-------- Data provided --------
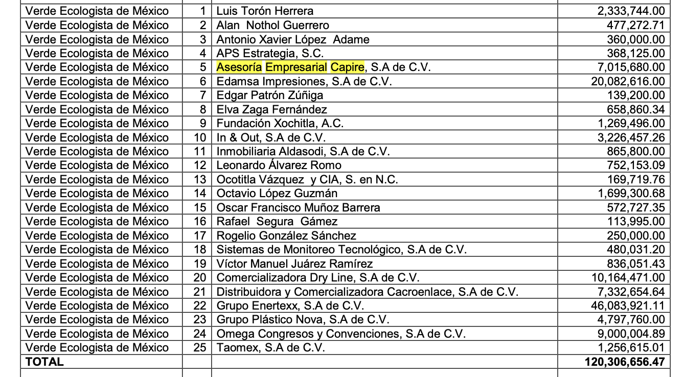 Además de CAPIRE y de Canaima, el PVEM utilizó a otras 35 empresas “fantasma” entre 2014 y 2019 para financiar sus actividades y costear sus gastos de campaña, según reveló el diario El País. En conjunto, a esas otras factureras les pagó 133 millones de pesos.
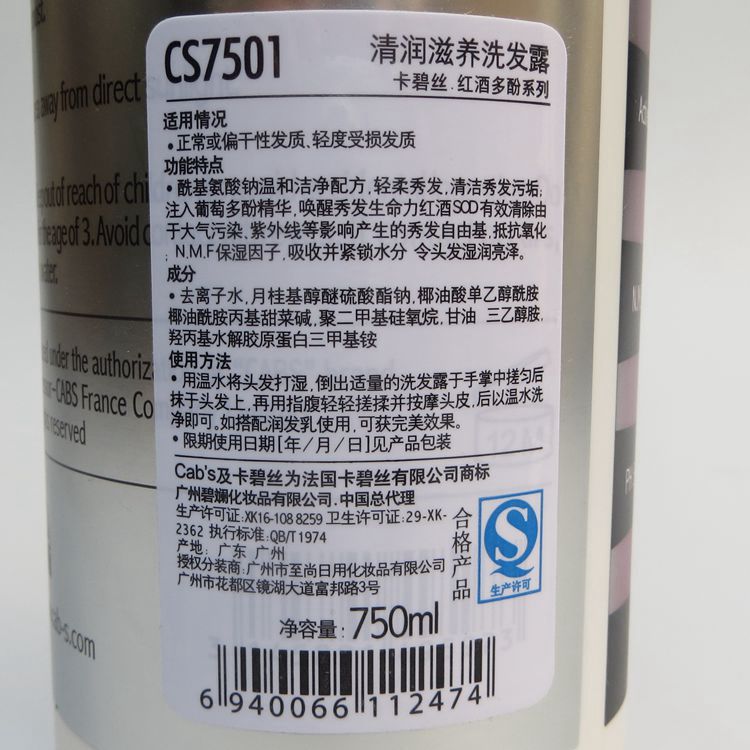 Red wine polyphenols French kabiss cabs cleans nourish shampoo 700 ML
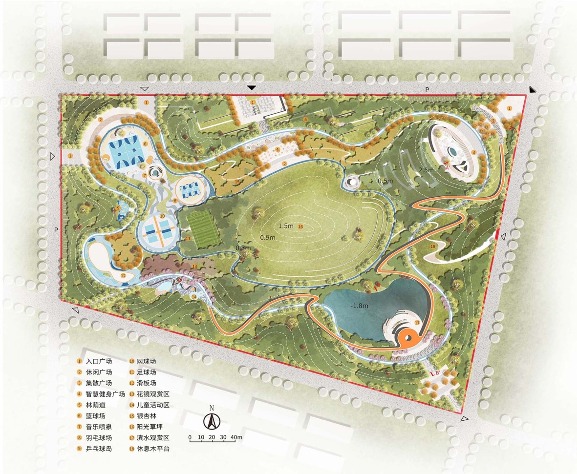 由于不同年龄人群的体育活动需求不同,根据前述人群需求分析,本设计将硬质活动面积的25%分配给中老年康体区,将45%分配给青少年球类运动空间,实现资源配置与人口结构的精准匹配。进行如下总体布局:
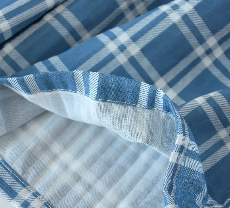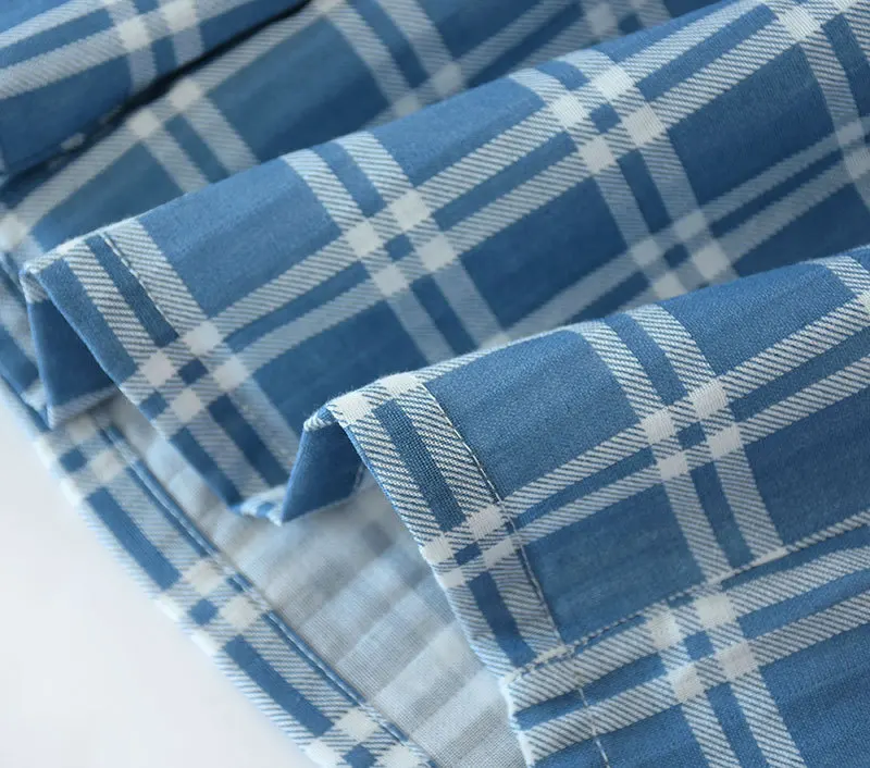 2021 летняя одежда для сна, мужские хлопковые марлевые брюки, клетч...
--------
_What this task involves_. Everything in the material above is to be reproduced exactly, pictures aside.

_Written answer_.
 Además de CAPIRE y de Canaima, el PVEM utilizó a otras 35 empresas “fantasma” entre 2014 y 2019 para financiar sus actividades y costear sus gastos de campaña, según reveló el diario El País. En conjunto, a esas otras factureras les pagó 133 millones de pesos.
 Red wine polyphenols French kabiss cabs cleans nourish shampoo 700 ML
 由于不同年龄人群的体育活动需求不同,根据前述人群需求分析,本设计将硬质活动面积的25%分配给中老年康体区,将45%分配给青少年球类运动空间,实现资源配置与人口结构的精准匹配。进行如下总体布局:
 2021 летняя одежда для сна, мужские хлопковые марлевые брюки, клетч...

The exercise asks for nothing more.